The urokinase-like plasminogen activator receptor (uPAR) interacts with its ligand (uPA) to convert plasminogen into plasmin, which degrades components of the extracellular matrix. Plasminogen activation can influence many normal and pathological processes through interactions that culminate in cell activation, adhesion, migration and extravasation. This study aimed to describe the implications of uPAR-mediated plasminogen activation in leukemias, exploring its interaction with the tumor microenvironment.

This is an integrative review following the Preferred Reporting Items for Systematic Reviews guidelines for reports, searching for published data available on the descriptors “uPAR”, “leukemia” and “genetic expression”. The research was carried out on the MEDLINE (PubMed), Science Direct, Google Scholar and Scielo platforms, covering the last 10 years (2015-2024) with only 23 articles meeting the criteria for approaching the proposed theme.

Studies have shown high levels of suPAR and positive surface expression of uPAR associated with decreased chemosensitivity in patients with M0-M5 AML, where blasts expressing the surface receptor have been observed. The increase in uPAR levels was related to hyperfibrinolysis in patients with acute promyelocytic leukemia (APL) and associated with increased invasive proteolytic activity, interaction of tumor cells with the immunosuppressive microenvironment, causing immune evasion and dysfunction of effector cells. Similar results were demonstrated in patients with AML, ALL and biphenotypic leukemia, where high uPAR expression was associated with the invasive capacity of leukemia cells, and involved in the interaction of tumor cells with a suppressive microenvironment, which may influence the lymphocyte-mediated immune response. In addition to observations on altered expression, transcription variants were identified that can act as ceRNAs (uPAR Δ5/ Δ6/ uPAR Δ6/7) in myeloid lineage cells, demonstrating higher levels in monoblasts.

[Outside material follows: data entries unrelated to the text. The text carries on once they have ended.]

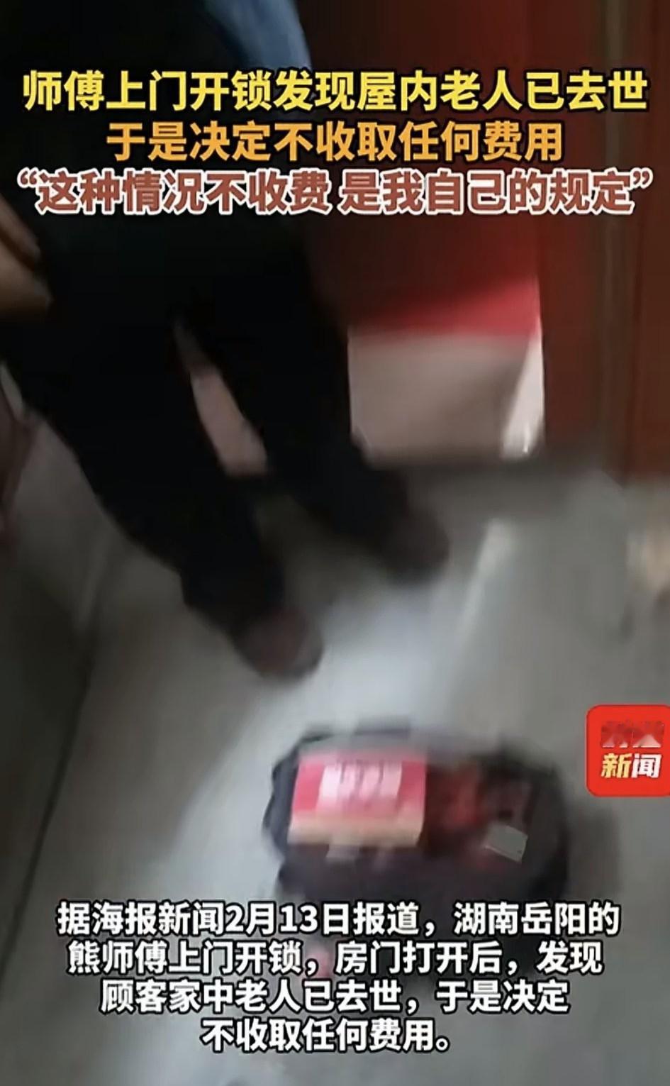 湖南岳阳,一开锁师傅接到一单开锁生意,可师傅上门开锁,将房门打开后,竟发现顾客家中的老人已去世。见此情形,开锁师傅当即决定不收取任何费用。而顾客对此也是非常感激师傅。 据师傅表示,当时是因为老人家属给家中老人打电话,但老人却始终没接,于是家属便准备上门查看一下情况,结果门也打不开了,于是家属只得请来师傅开锁,不料却老人在家里过世了。 关于为什么不收费,师傅也解释说,他给自己定了一个规矩,那就是开完锁发现老人家过世了,一般这种情况都不会收取任何费用。 不得不说,大过年的遇到这样的事,确实让人心里五味杂陈,希望逝者安息,生者节哀。不过师傅确实是个善良之人,他这么做不只是遵守自己的规矩,更是对逝者及家属最大的尊重,他用自己真诚送了老人家一路走好! 也正如网友所说,任何行业做任何事情,都要有底线知敬畏,这样才会越来越好,而师傅做到了,而且做得很暖心,如此懂规矩有良心的师傅值得大家尊敬!必须为他点个赞!
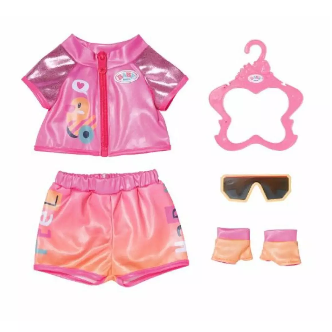 BABY born urheilullinen pyöräilyasu pyörällä tai kolmipyörällä ajeluun. Asuun kuuluu pinkki paita, shortsit, ajohanskat ja -lasit, mukana myös henkari.
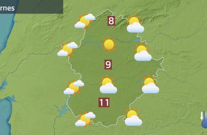 A lo largo de mañana la nubosidad de tipo bajo se irá rompiendo, pero llegará más nubosidad desde el oeste debido al avance de una borrasca que nos dejará lluvias a partir de mañana. Las máximas bajan en las dos provincias. En las cumbres apenas llegaremos a los 5-6ºC y en el valle del Guadiana, los 10-12. El viento será del este flojo.
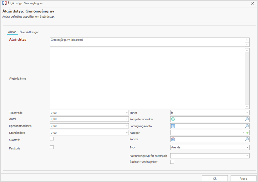 För varje åtgärdstyp kan man ange timarvode och tidsåtgång samt fördefinierad text som sedan fylls i för åtgärder som skapas med den åtgrädstypen och användaren kan redigera i texten enligt behov. En färdig text försnabbar åtgärdsregistrering samt medverkar i att åtgärdstexterna på fakturan är enhetliga.
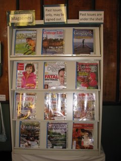 Current issues of the above magazines must be perused in the Library while the back issues may be signed out similar to a fiction or non-fiction book.
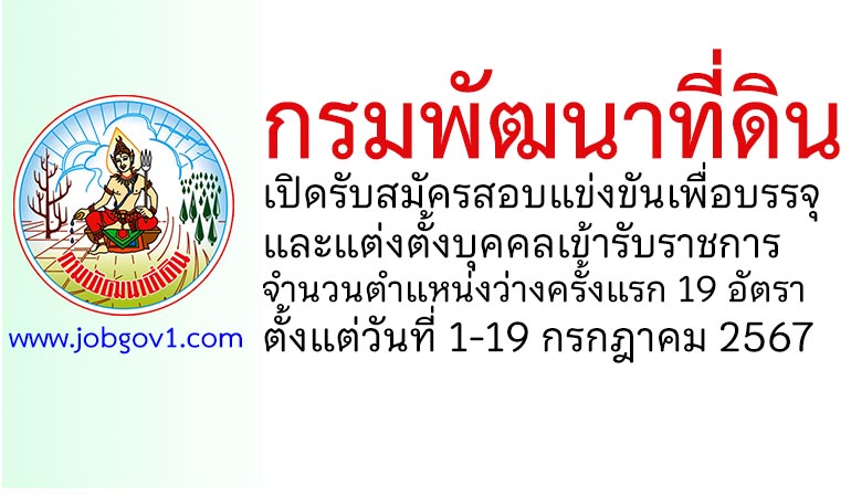 กรมพัฒนาที่ดิน รับสมัครสอบแข่งขันเพื่อบรรจุและแต่งตั้งบุคคลเข้ารับราชการ 19 อัตรา ตั้งแต่วันที่ 1-19 กรกฎาคม 2567
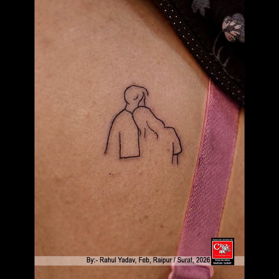 This minimal couple line tattoo beautifully captures the essence of love, comfort, and emotional connection. Designed with soft, continuous lines, the artwork portrays two individuals sharing a quiet, intimate moment β symbolizing trust, warmth, and a deep bond beyond words.
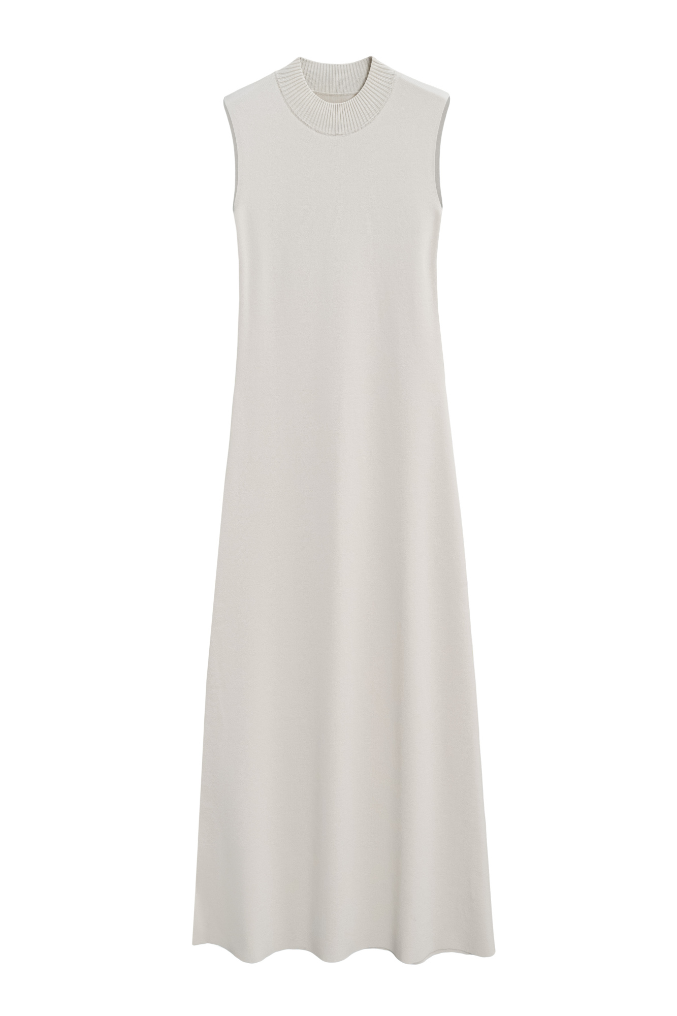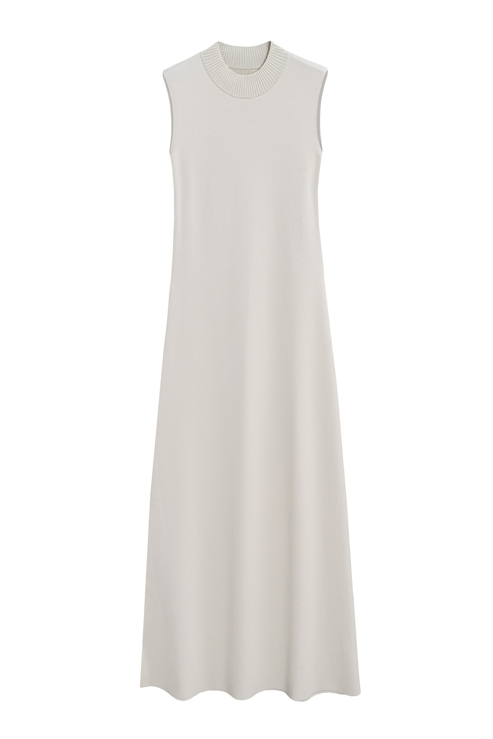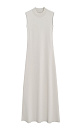 A midi-length knit dress made of viscose. It features a fitted silhouette, sleeveless design, and a low stand-up collar.

The high expression of the receptor in leukemic blasts of AML M0-M5 evidences its role in the invasion and metastasis of malignant cells. The ability of the receptor to influence the immune response has been shown to be an indicator of poor prognosis and a potential marker of risk stratification. The direct interaction of stromal and leukemic cells denotes the formation of a competitive niche that can favor malignant cells. In addition, the identified variants suggest a negative modulation in the cell-matrix interaction, favoring the proliferation and progression of leukemia. In short, if there is no conversion of plasminogen into plasmin, which is also involved in angiogenesis, it leads to a decrease in nutrients and O2 in leukemia cells.

The studies pointed to the contribution of the receptor in tumor progression, immune evasion and resistance to treatment, suggesting that the receptor is a target in the therapeutic potential, that is, the key molecule to limit the interactions of the plasminogen activation system, in order to suppress tumorigenesis. The recent development of anti-urokinase receptor antibodies has shown promise in blocking the interactions of the receptor and its ligand, thereby inhibiting the proteolytic cascade. In addition, the recipient can also improve the effectiveness of hematopoietic stem cell transplants.